*SOURCE DATA:*
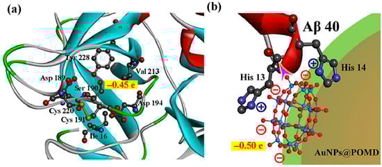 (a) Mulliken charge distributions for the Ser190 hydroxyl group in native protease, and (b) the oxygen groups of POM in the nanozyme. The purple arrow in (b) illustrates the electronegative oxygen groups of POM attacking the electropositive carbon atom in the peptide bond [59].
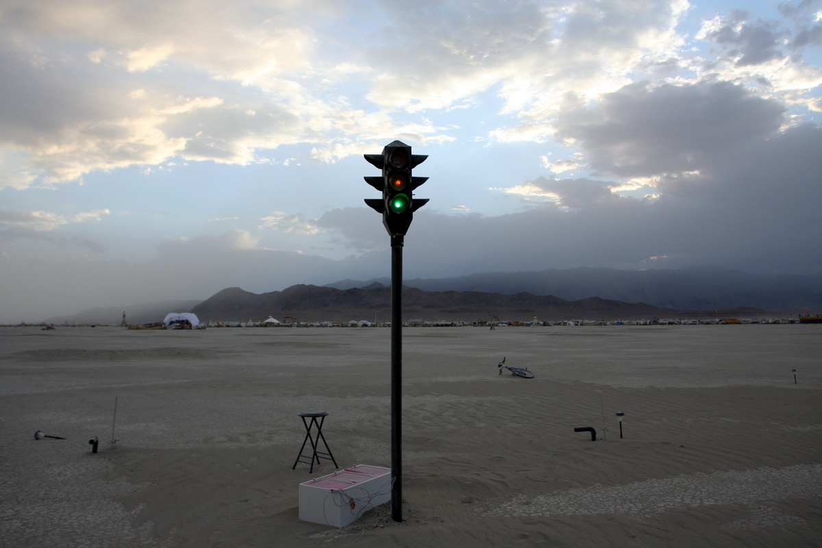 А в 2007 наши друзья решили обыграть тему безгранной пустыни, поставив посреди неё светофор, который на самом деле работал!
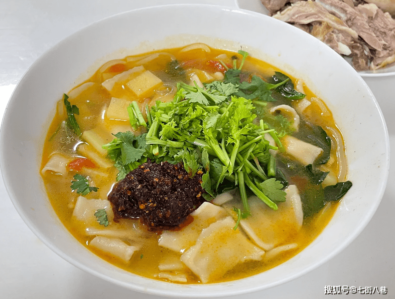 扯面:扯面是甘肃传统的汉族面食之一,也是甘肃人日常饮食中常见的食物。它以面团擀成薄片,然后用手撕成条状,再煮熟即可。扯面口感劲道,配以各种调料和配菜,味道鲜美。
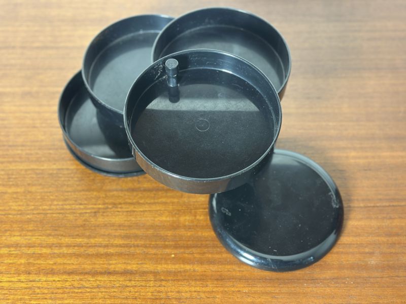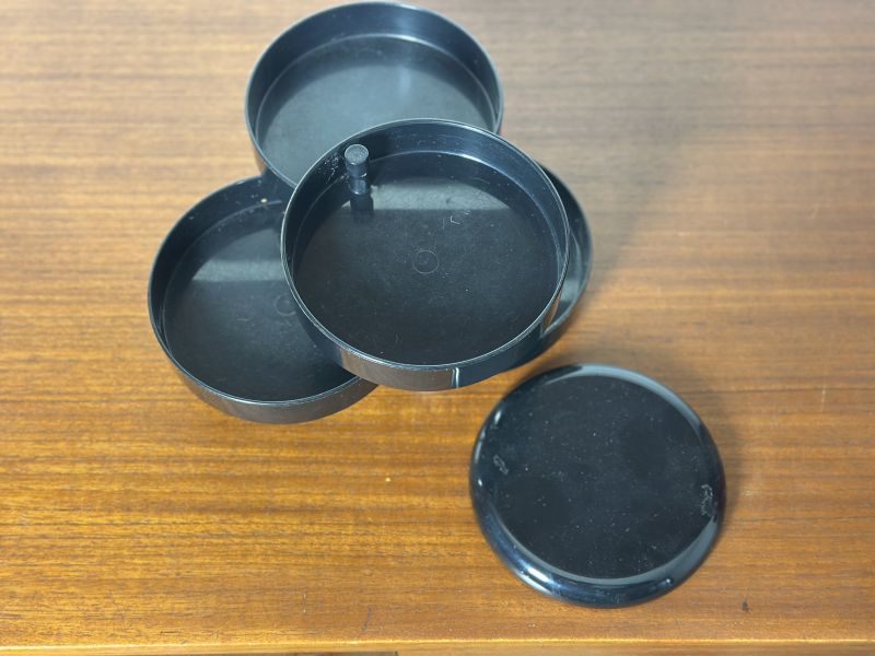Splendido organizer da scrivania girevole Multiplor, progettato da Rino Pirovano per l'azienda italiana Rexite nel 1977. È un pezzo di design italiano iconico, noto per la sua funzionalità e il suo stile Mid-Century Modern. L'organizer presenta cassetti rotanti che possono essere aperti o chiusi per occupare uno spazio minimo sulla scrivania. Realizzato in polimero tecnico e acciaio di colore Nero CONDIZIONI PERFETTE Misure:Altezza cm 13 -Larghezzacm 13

*ASSIGNMENT:*
Print all of the data exactly, and do not carry over any pictures.

*SOLUTION FOR THIS PROBLEM:*
 (a) Mulliken charge distributions for the Ser190 hydroxyl group in native protease, and (b) the oxygen groups of POM in the nanozyme. The purple arrow in (b) illustrates the electronegative oxygen groups of POM attacking the electropositive carbon atom in the peptide bond [59].
 А в 2007 наши друзья решили обыграть тему безгранной пустыни, поставив посреди неё светофор, который на самом деле работал!
 扯面:扯面是甘肃传统的汉族面食之一,也是甘肃人日常饮食中常见的食物。它以面团擀成薄片,然后用手撕成条状,再煮熟即可。扯面口感劲道,配以各种调料和配菜,味道鲜美。
Splendido organizer da scrivania girevole Multiplor, progettato da Rino Pirovano per l'azienda italiana Rexite nel 1977. È un pezzo di design italiano iconico, noto per la sua funzionalità e il suo stile Mid-Century Modern. L'organizer presenta cassetti rotanti che possono essere aperti o chiusi per occupare uno spazio minimo sulla scrivania. Realizzato in polimero tecnico e acciaio di colore Nero CONDIZIONI PERFETTE Misure:Altezza cm 13 -Larghezzacm 13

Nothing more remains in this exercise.